*PROBLEM REQUIREMENTS*:
Write out, exactly and in full, the line where "Fototapeta premium Delicate" appears together with all lines that follow it in the entries below. Do not include pictures.

*DATA LISTING*:
-- Opening Marker --

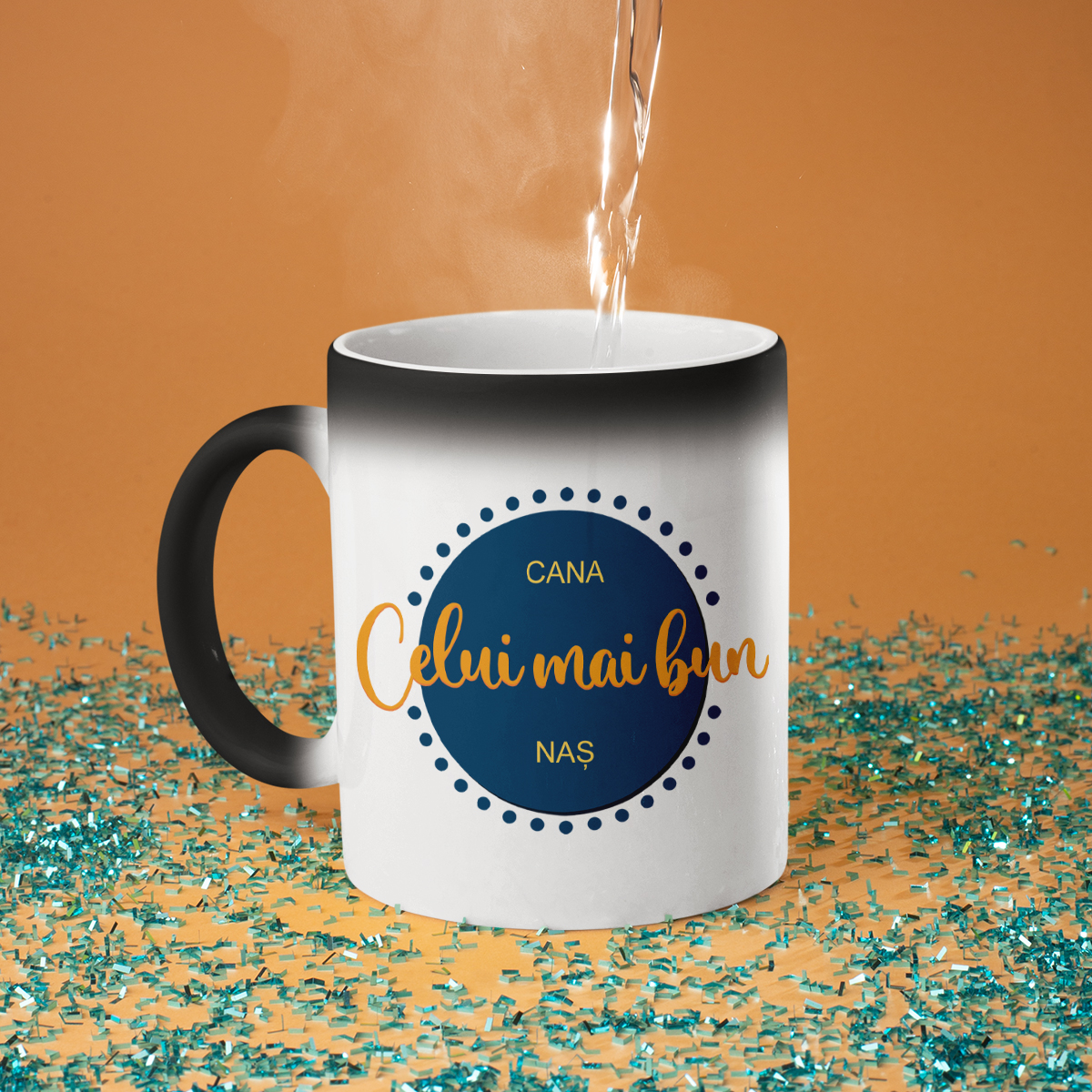 - Cana magică - nu degeaba se numește magică! La prima vedere, este o simplă cană neagră, dar atunci când se toarnă apă fierbinte în ea, aceasta devine albă, iar inscripția ascunsă este dezvăluită. Este o adevărată surpriză și un mic miracol pentru fiecare zi!
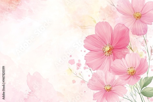 Fototapeta premium Delicate pink cosmos flowers on a soft watercolor background.
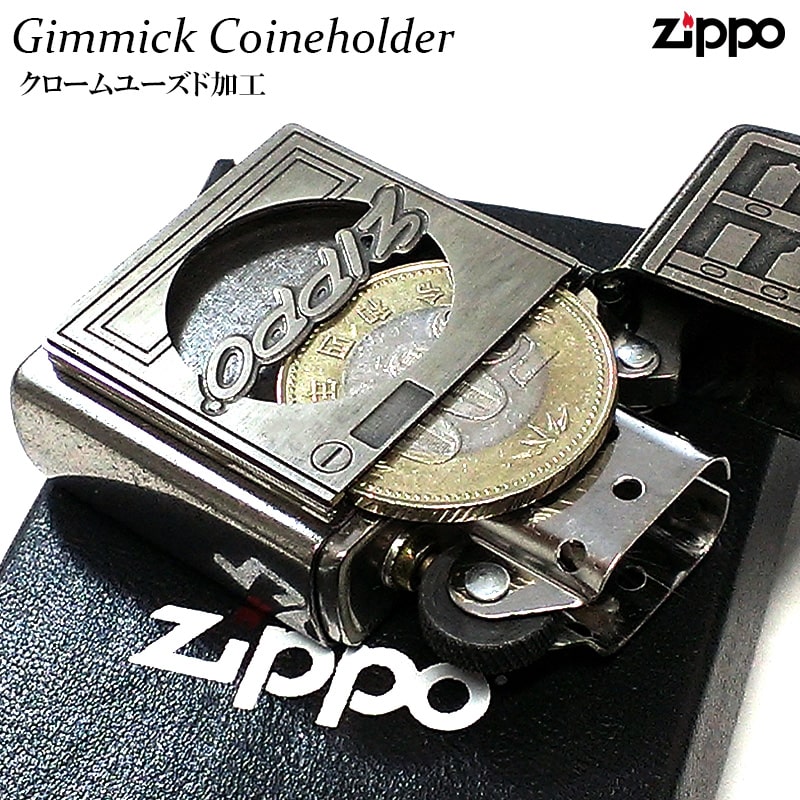 ZIPPO ライター コインホルダー 面白い ジッポ ギミック クロームユーズド加工 500円 ロゴ 彫刻 メタル貼り アンティークシルバー
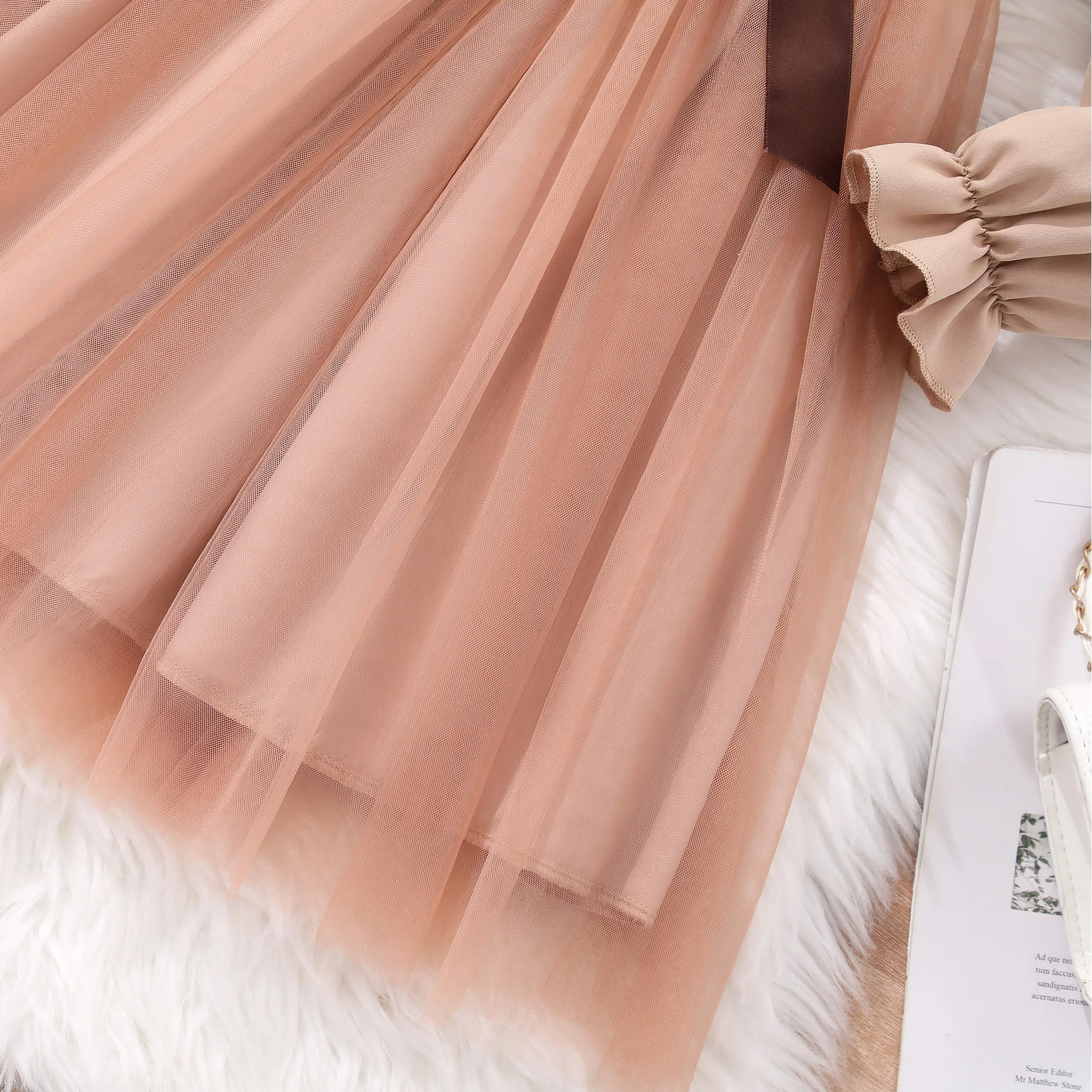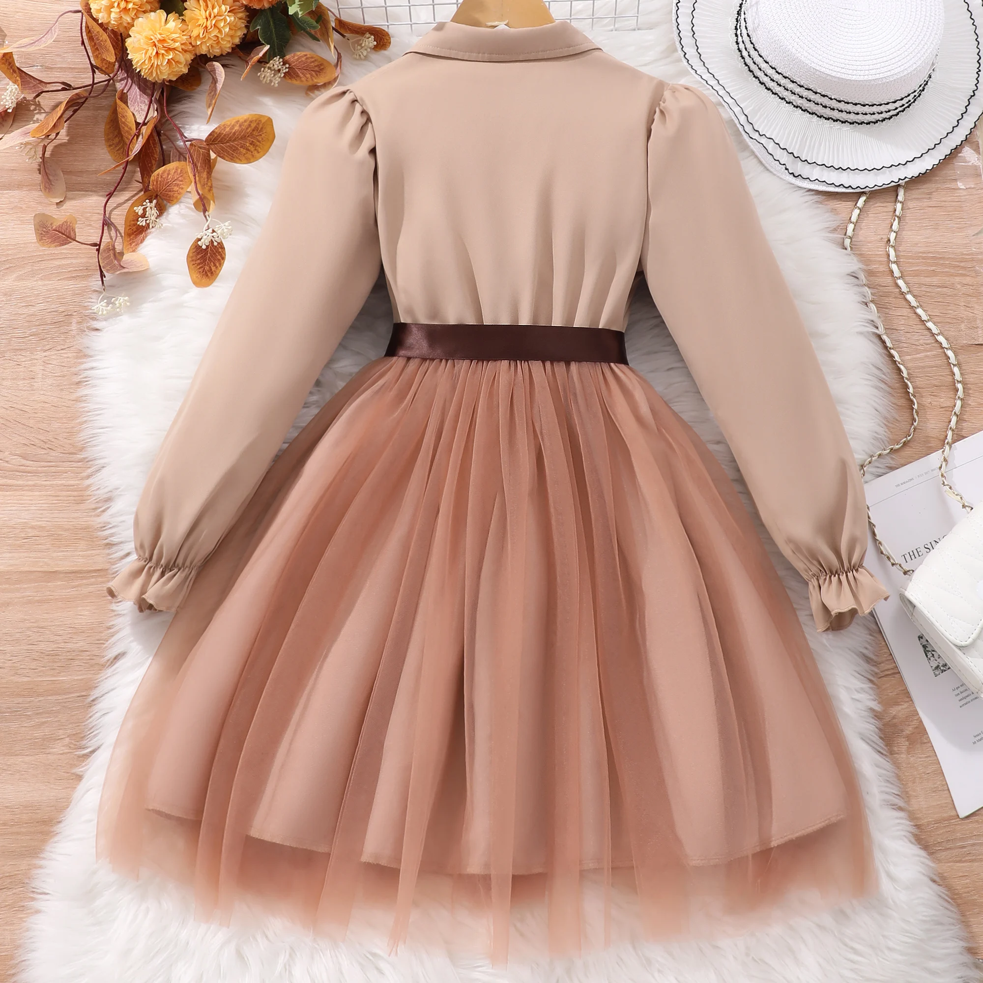 Elegant DesignThe girls' long sleeved lapel solid color mesh dress exudes elegance with its sleek design, perfect for any casual occasion.Comfortable MaterialCrafted from a soft, mesh fabric, this dress ensures comfort for your little one, allowing her to move freely and happily.Durable ConstructionThe dress is built to last, with a construction that resists wear and tear, ensuring it stays a favorite in your child's wardrobe for a long time.Suitable for Various OccasionsWhether it's a family gathering or a casual outing, this dress is a versatile choice that fits all kinds of occasions.Versatile WaistbandEquipped with a woven waistband, this dress offers a stylish and adjustable fit that can be easily cinched in or loosened out.
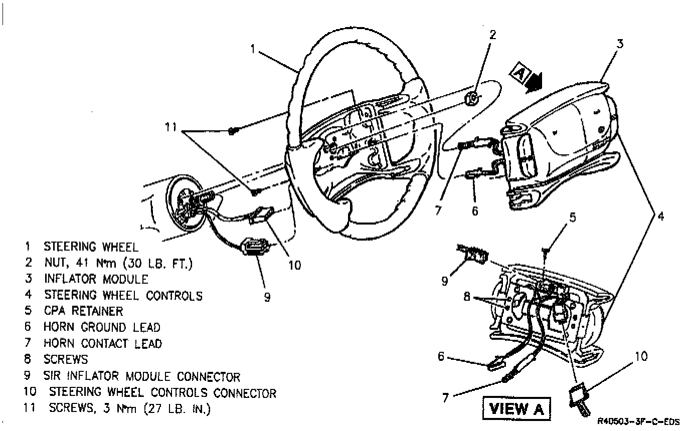 WARNING: When carrying a live inflator module, make sure bag and trim cover are pointed away from body. Never carry the Inflator module by wires or connector on underside of module. In case of an accidental deployment, bag will then deploy with minimal chance of injury. When placing a live inflator module on a bench or other surface, always face the bag and trim cover away from surface. Never rest a steering column on the steering wheel with inflator module face down and column vertical. This is necessary so that a free space is provided to allow air bag to expand in the unlikely event of accidental deployment. Otherwise personal injury may result.
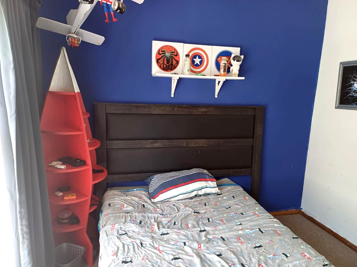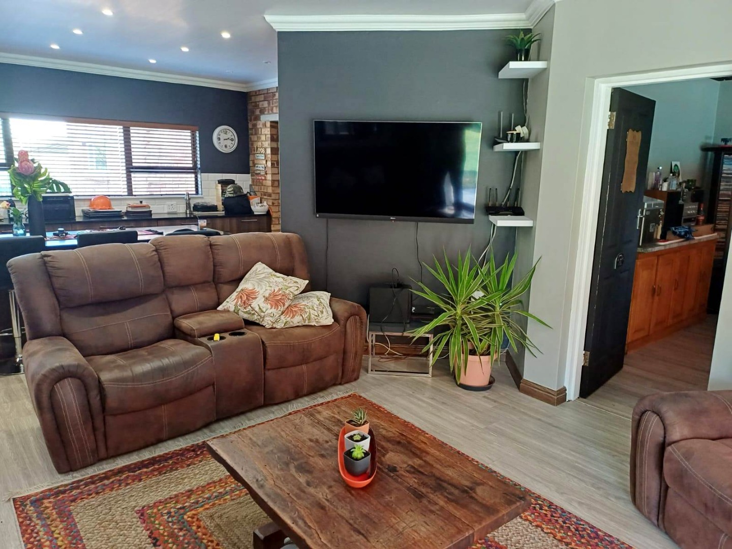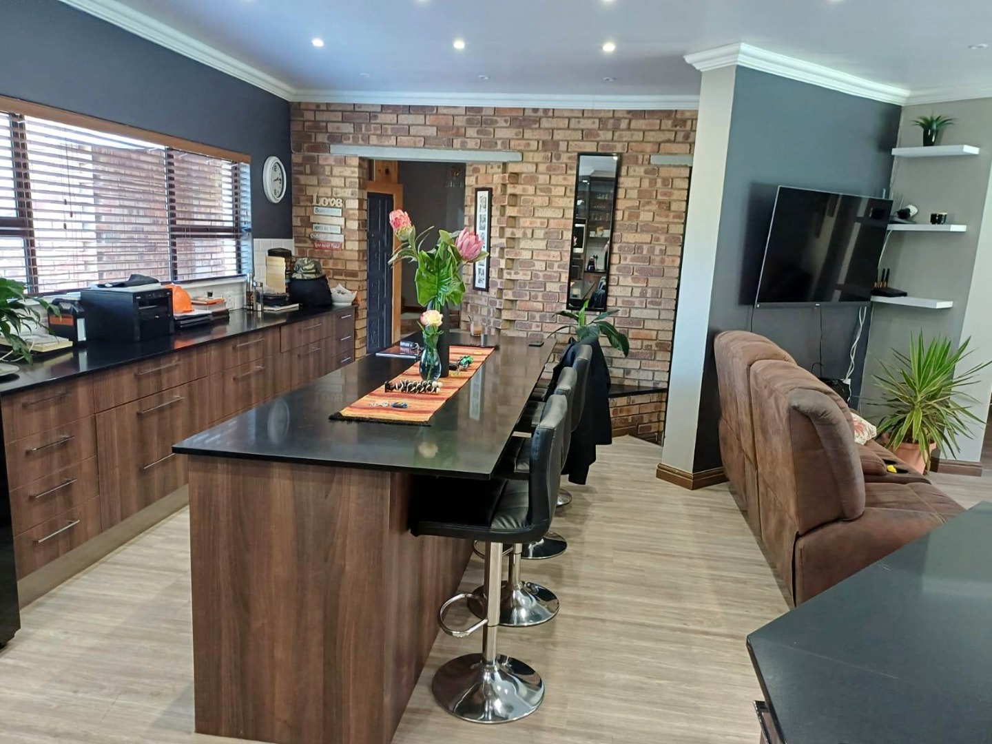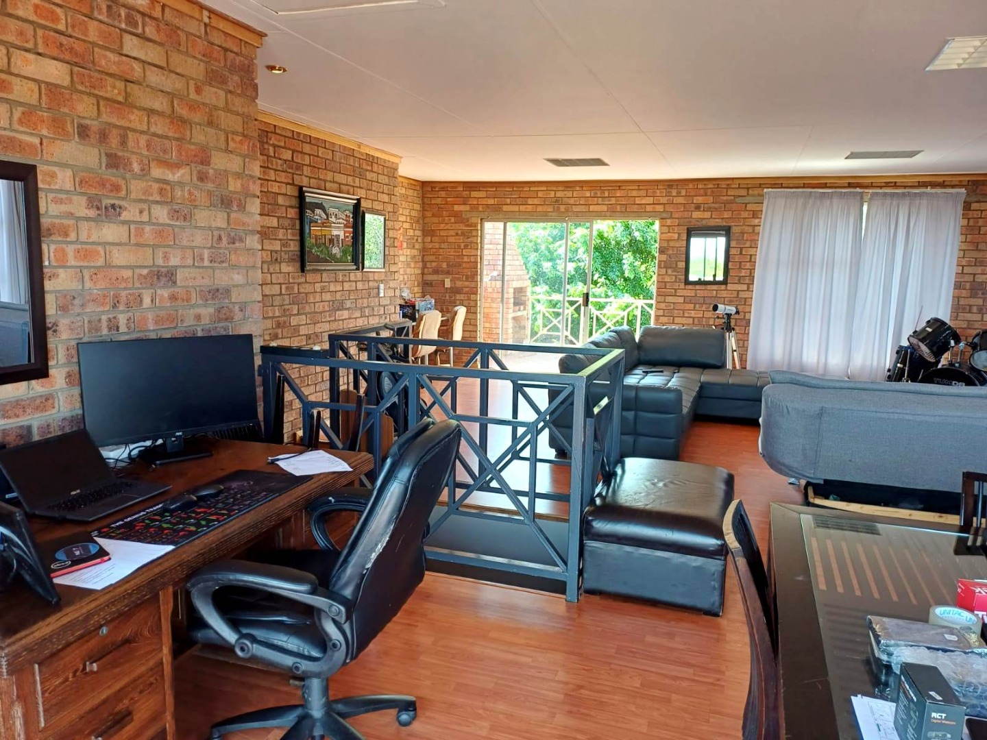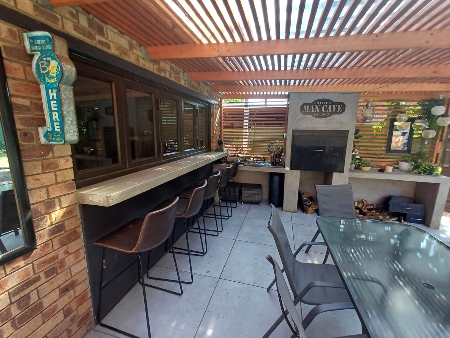 Upstairs, a versatile entertainment lounge opens onto two balconies, one north-facing and one south-facing. The north balcony is fitted with a built-in braai and enjoys spectacular views over the garden, while the space itself offers endless possibilities—whether as a bachelor’s flat, playroom, or self-contained rental unit.
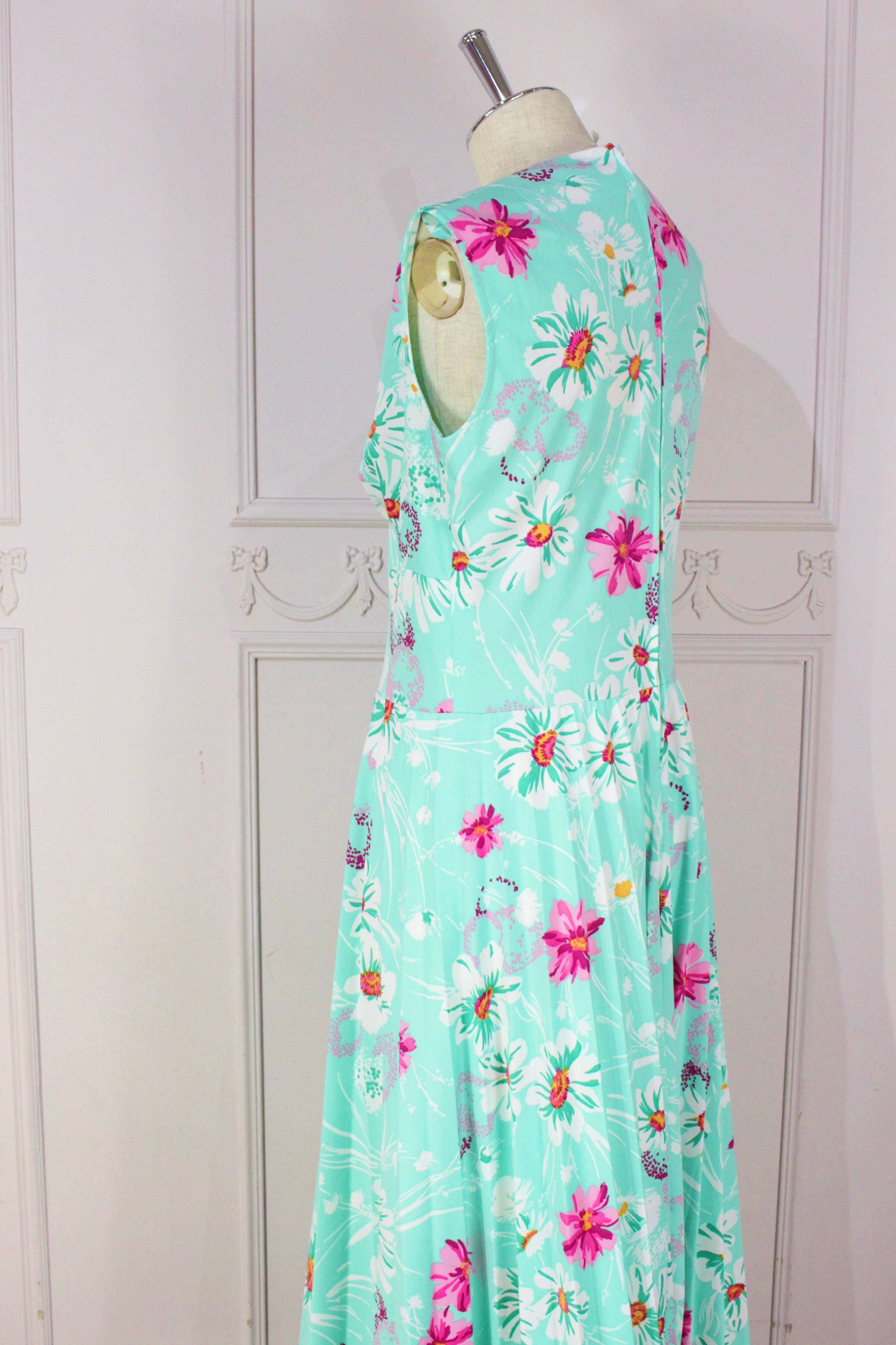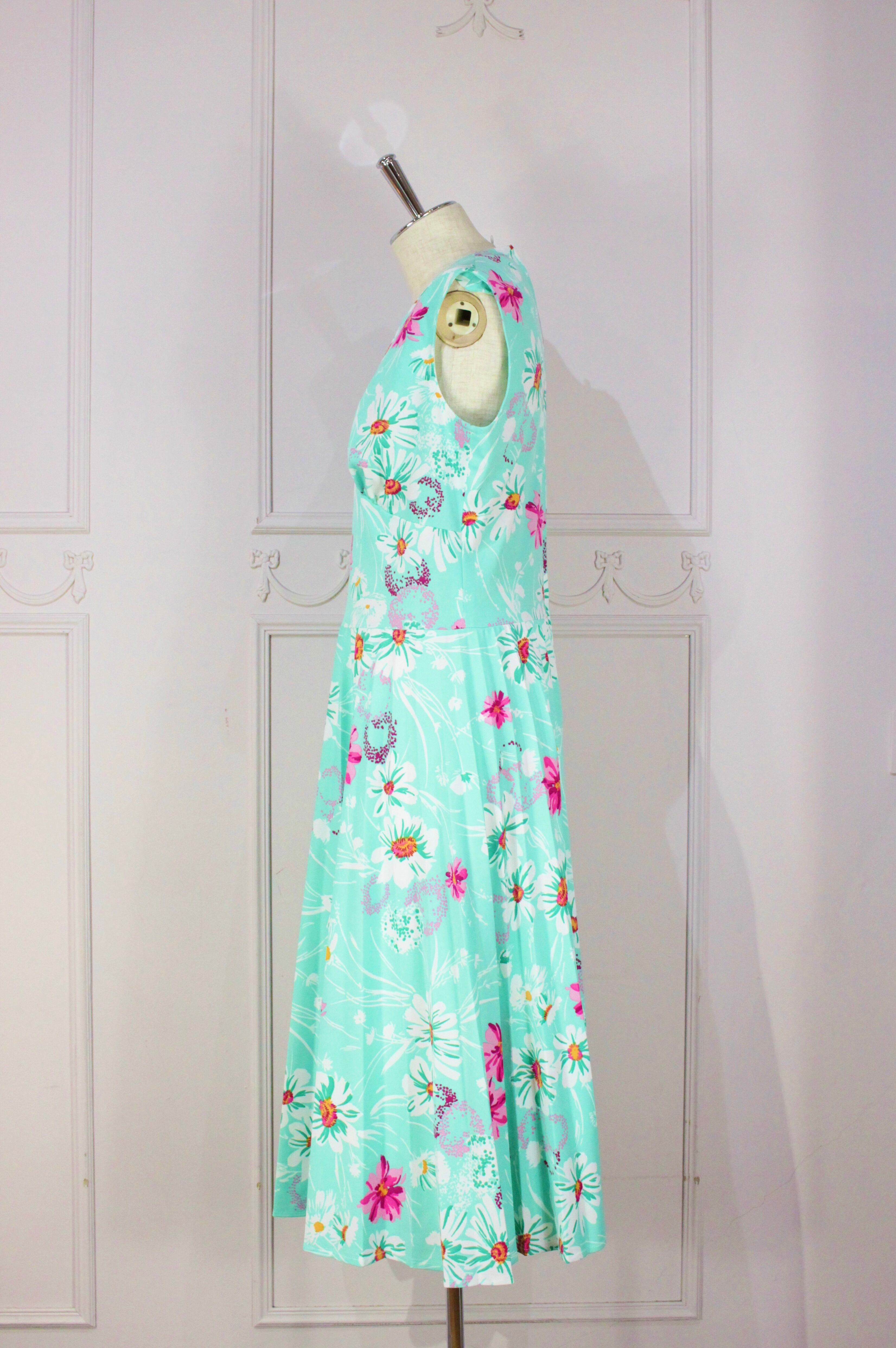 清涼感のある綺麗な発色とレディーなフラワープリントが当時のフレンチシネマのヒロインのようなワンピースです。

-- Closing Marker --

*ANSWER FOR THE TASK*:
 Fototapeta premium Delicate pink cosmos flowers on a soft watercolor background.
 ZIPPO ライター コインホルダー 面白い ジッポ ギミック クロームユーズド加工 500円 ロゴ 彫刻 メタル貼り アンティークシルバー
 Elegant DesignThe girls' long sleeved lapel solid color mesh dress exudes elegance with its sleek design, perfect for any casual occasion.Comfortable MaterialCrafted from a soft, mesh fabric, this dress ensures comfort for your little one, allowing her to move freely and happily.Durable ConstructionThe dress is built to last, with a construction that resists wear and tear, ensuring it stays a favorite in your child's wardrobe for a long time.Suitable for Various OccasionsWhether it's a family gathering or a casual outing, this dress is a versatile choice that fits all kinds of occasions.Versatile WaistbandEquipped with a woven waistband, this dress offers a stylish and adjustable fit that can be easily cinched in or loosened out.
 WARNING: When carrying a live inflator module, make sure bag and trim cover are pointed away from body. Never carry the Inflator module by wires or connector on underside of module. In case of an accidental deployment, bag will then deploy with minimal chance of injury. When placing a live inflator module on a bench or other surface, always face the bag and trim cover away from surface. Never rest a steering column on the steering wheel with inflator module face down and column vertical. This is necessary so that a free space is provided to allow air bag to expand in the unlikely event of accidental deployment. Otherwise personal injury may result.
 Upstairs, a versatile entertainment lounge opens onto two balconies, one north-facing and one south-facing. The north balcony is fitted with a built-in braai and enjoys spectacular views over the garden, while the space itself offers endless possibilities—whether as a bachelor’s flat, playroom, or self-contained rental unit.
 清涼感のある綺麗な発色とレディーなフラワープリントが当時のフレンチシネマのヒロインのようなワンピースです。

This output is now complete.